The best way to figure out the strength of your board’s composition is to conduct a systematic board inventory. Typically, the governance committee completes this inventory.
Step 1. Skills
The committee should take an inventory of the skills you currently have on the board and the current gaps in skills that are needed. Next, you should chart out term limits and itemize when current trustees will be rotating off the board. Do you have other trustees with their skills to fill the gap, or should you be recruiting others with these same skills? It is a good idea for the governance committee to have an idea of board recruitment needs for the next two to three years.
Use the Member Report in your BoardOnTrack platform to identify trustee skills and level of expertise. This is the data you need to develop your two to three year board recruitment roadmap.
Step 2. Qualities
The committee should look at the qualities that you may want or need on the board. Are there enough trustees with a good sense of humor on the board? Will the “devil’s advocate” be rotating off at the end of this year? Are there enough entrepreneurial trustees on the board that thrive in startup situations? What are the additional value-added characteristics that new trustees could bring to enhance the functioning of the group? Clarify if there are qualities that you think all trustees should have.
Step 3. Diversity
The committee should examine current and desired levels of diversity on the board. Will both the board’s Hispanic members be rotating off at the same time? Do you need more women on the board? Has there been a recent shift to a large percentage of trustees that live in the suburbs rather than in the city that ideally the committee would like to correct?
Use the Member Report in your BoardOnTrack platform to understand the demographic makeup of your team.
Step 4. Length of Service
The committee should review the bylaws of the board to determine the length of trustees' terms and the number of terms each trustee has served. Not only will trustees be leaving the board when their term expires, but they will be taking their skills, personality, and experiences with them. It's essential to track trustee skills and demographics as they relate to trustee terms, so the governance committee can help the board be strategic when it plans for board expansion.
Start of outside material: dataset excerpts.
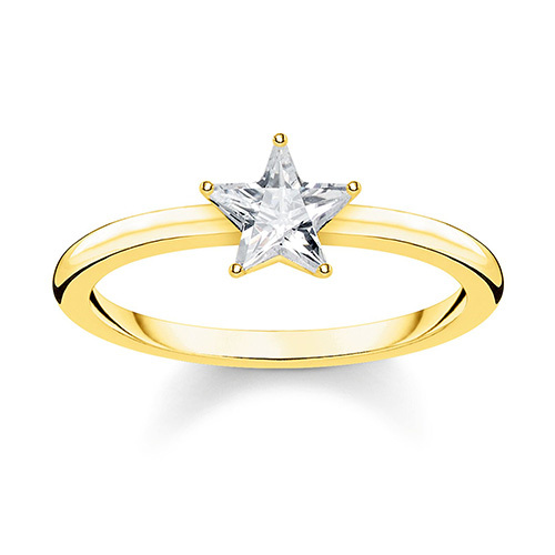 Prsten \"Hvězda\" Thomas Sabo, TR2270-414-14-52, Sterling Silver, 925 Sterling silver, 18k yellow gold plating, zirconia white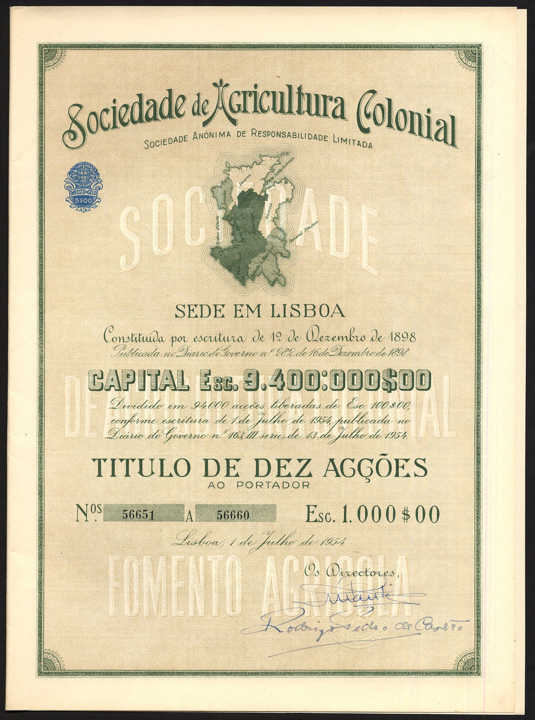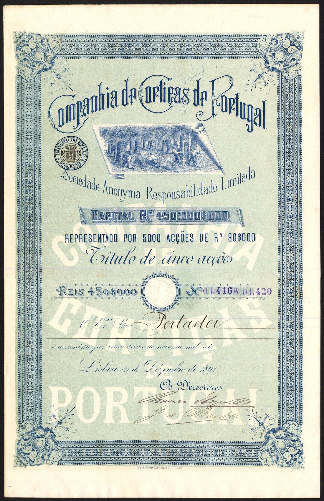 Portugal: Companhia de Corticas de Portugal, a group of 5 certificates for 5 shares of 90 reis each, Lisbon 1891, very attractive pieces with vignettes of tree cutting, blue; together with 10 certificates of the Sociedade de Agricultura Colonial, Sao Tome and Principe, each for 10 shares, 1954, map of the Island at top, brown and green, with coupons, extremely fine. (15)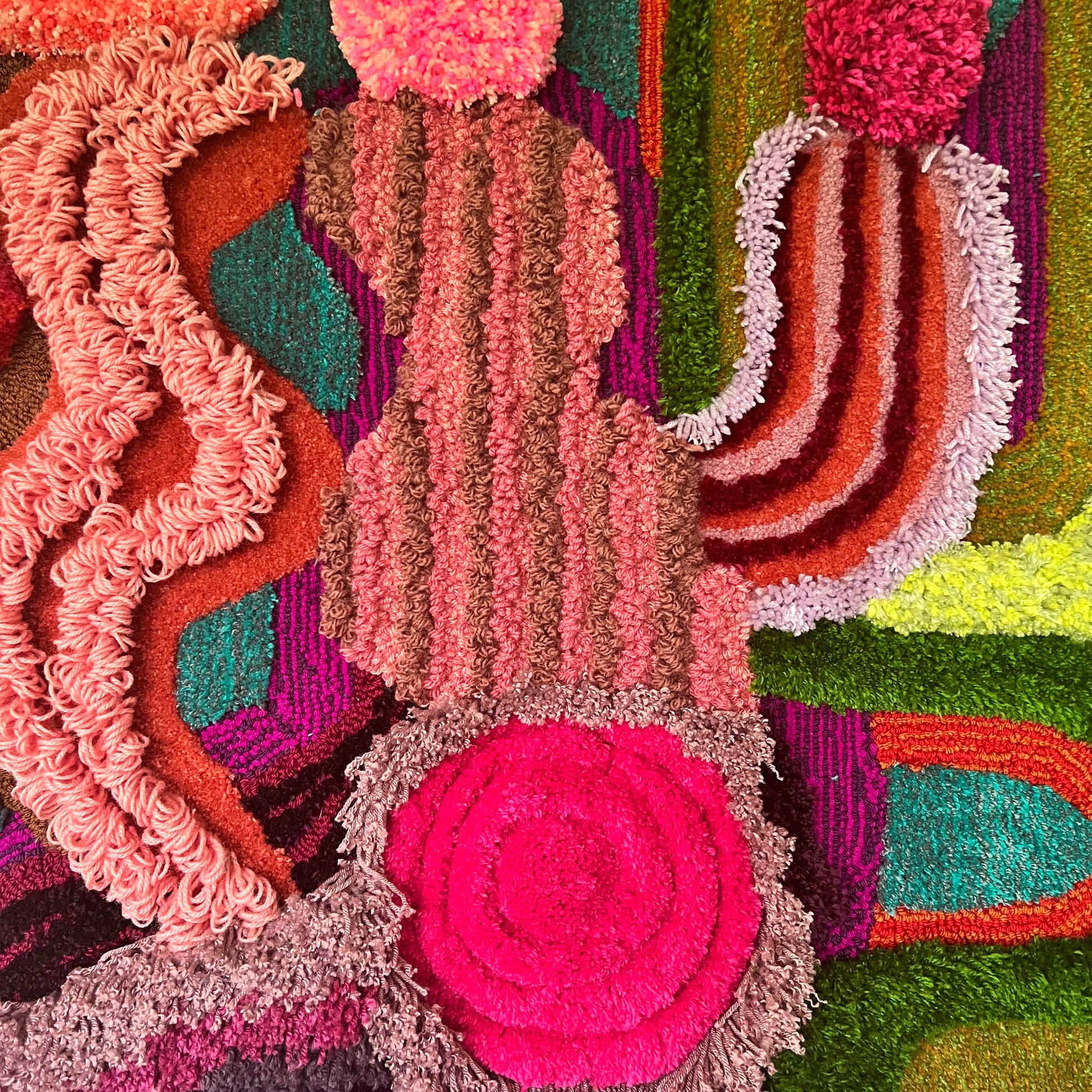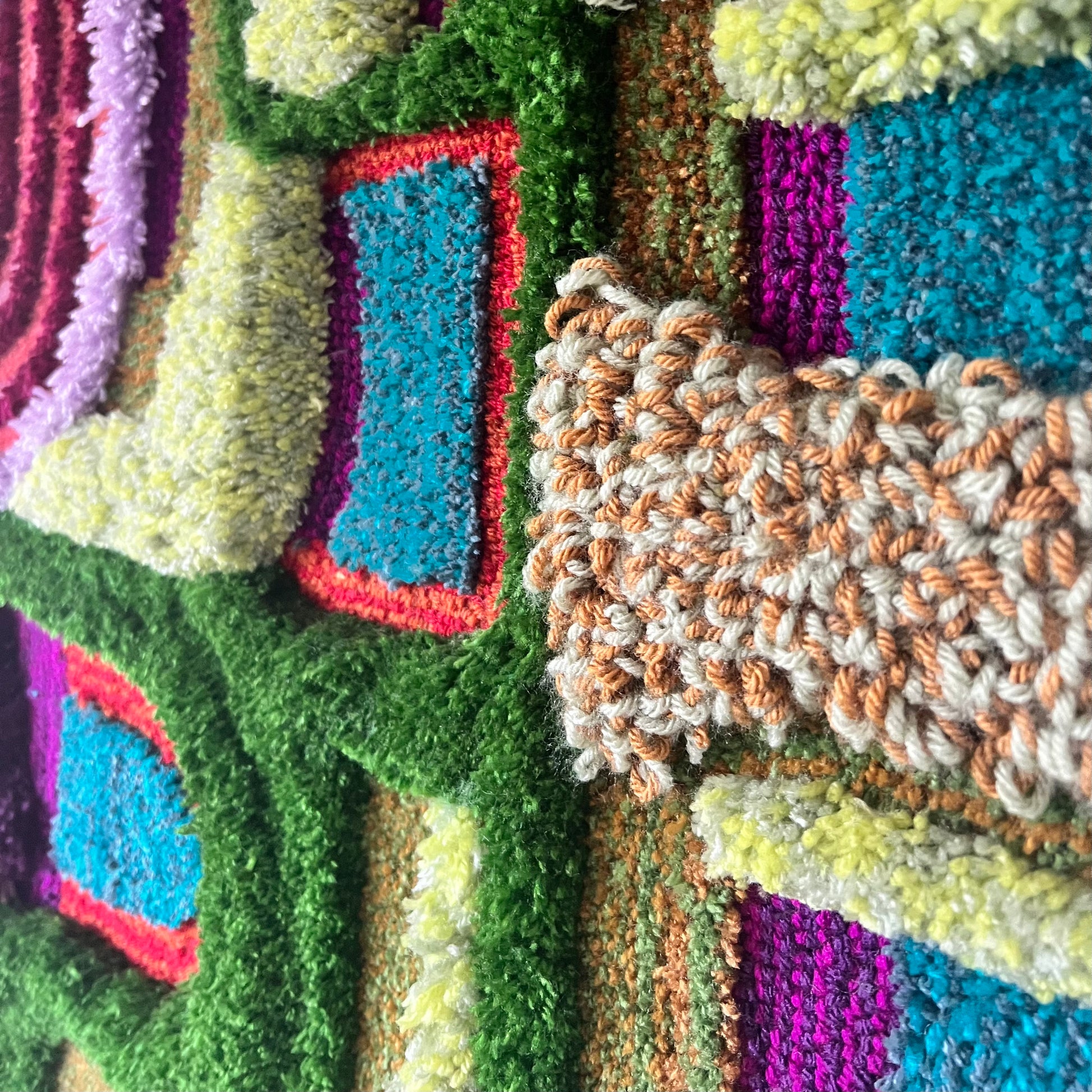 Original tufted wall hanging made with a variety of acrylic and wool fibers. Mounted on a wood backing with picture framing wire attached, ready to hang.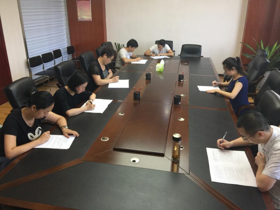 8月10日下午,市文旅投公司組織全體黨員開展了“兩學一做”學習教育知識測試活動,此次知識測試要求黨員全面學習掌握《中國共產黨章程》、《廉潔自律準則》、《紀律處分條例》、習近平總書記系列講話等內容??荚嚥扇¢]卷、集中答題的形式進行,全體黨員在規(guī)定時間內認真完成了答題。
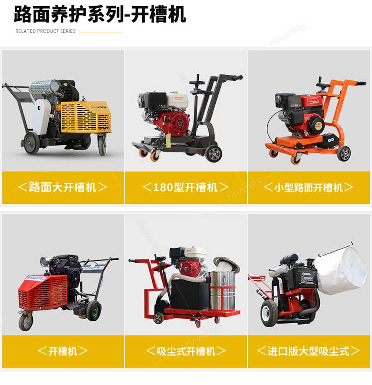 開槽機主要用于瀝青、水泥路面裂縫病害處治時的開槽作業。通過特制金剛石刀片快速將不規則裂縫整理成均勻的凹槽,形成新的結合面。優化灌縫材料與縫槽的接觸層面,加強灌縫材料與縫槽側壁粘結的緊密性。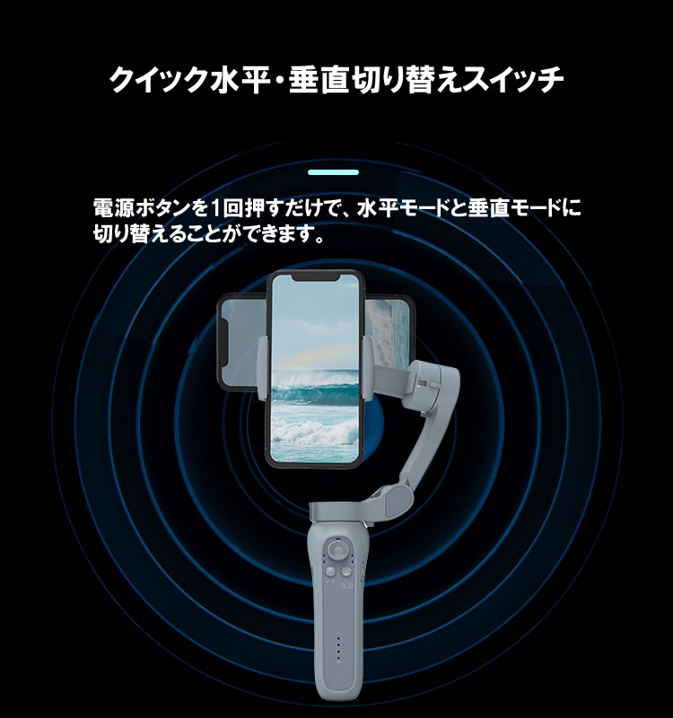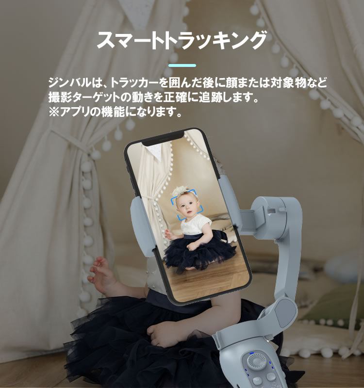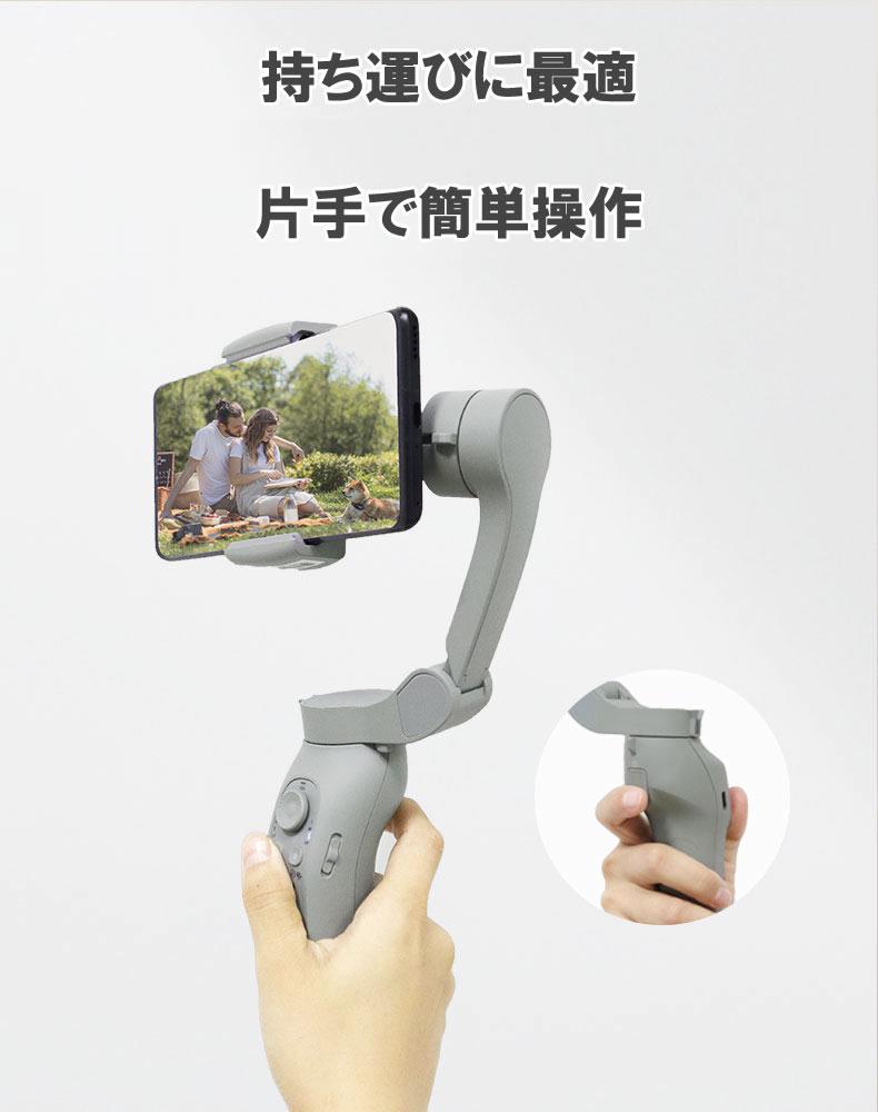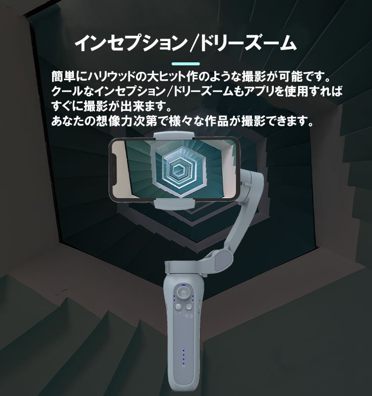 A:3軸で常にスマートフォンを安定させていますのでスムーズな動画が撮影可能となっております。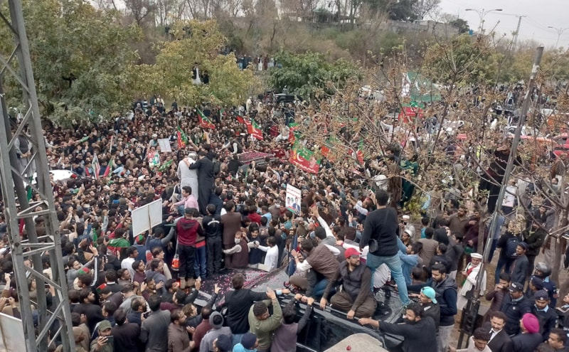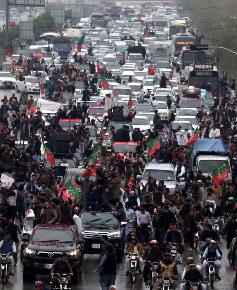 Geçtiğimiz sene kasım ayında bir mitingde bacağından vurulmasından bu yana başkent İslamabad'a ilk kez gelen 70 yaşındaki Khan, sıkı güvenlik önlemleri altında binlerce destekçisi tarafından karşılandı.

Step 5. Create a Prioritized List of Board Expansion Needs
Once the skills and demographics inventories are complete, and the trustee term information gathered, the governance committee should look at its BoardOnTrack Member Report as a starting point for creating a prioritized list of ideal board candidates. Be as specific as you can. The more explicit you can be, the more likely you will be to get a candidate who is truly a good fit for your board. Saying, “We want a Hispanic woman, who is an accountant and lives in the city” will be much more helpful than just saying “We need an accountant.” The latter may cause you to reach out to your local chapter of Hispanic MBAs, while the former may have you casting too wide a net that won’t yield the right candidate for your board.
Step 6. Share Your Findings with the Full Board
Share the Member Report and a prioritized “Ideal Board-Candidate List” with the full board and the organization’s CEO. The full board and the CEO should weigh in and then vote to approve the prioritized types of candidates the governance committee will be looking for.